## Provided material
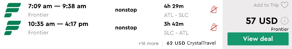 Atlanta to Salt Lake City and vice versa
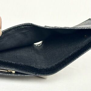 Made in Italy, this classic Salvatore Ferragamo pebbled leather bifold wallet is in good condition with a callout in the kiss lock coin pouch. Callout: The interior has peeled a bit so the texture is a little rubbery. This does not affect functionality. Other than that, there is minimal corner wear noted in photos.
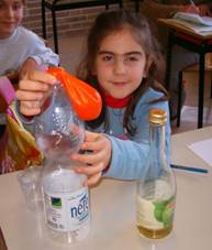 palloncini con l�aria della pompa, i bambini tengono tappata

## Work item
All that the answer may contain is the exact text of the lines from the one with "Made in Italy, this" through the last line of the material, pictures excluded.

## Your response
 Made in Italy, this classic Salvatore Ferragamo pebbled leather bifold wallet is in good condition with a callout in the kiss lock coin pouch. Callout: The interior has peeled a bit so the texture is a little rubbery. This does not affect functionality. Other than that, there is minimal corner wear noted in photos.
 palloncini con l�aria della pompa, i bambini tengono tappata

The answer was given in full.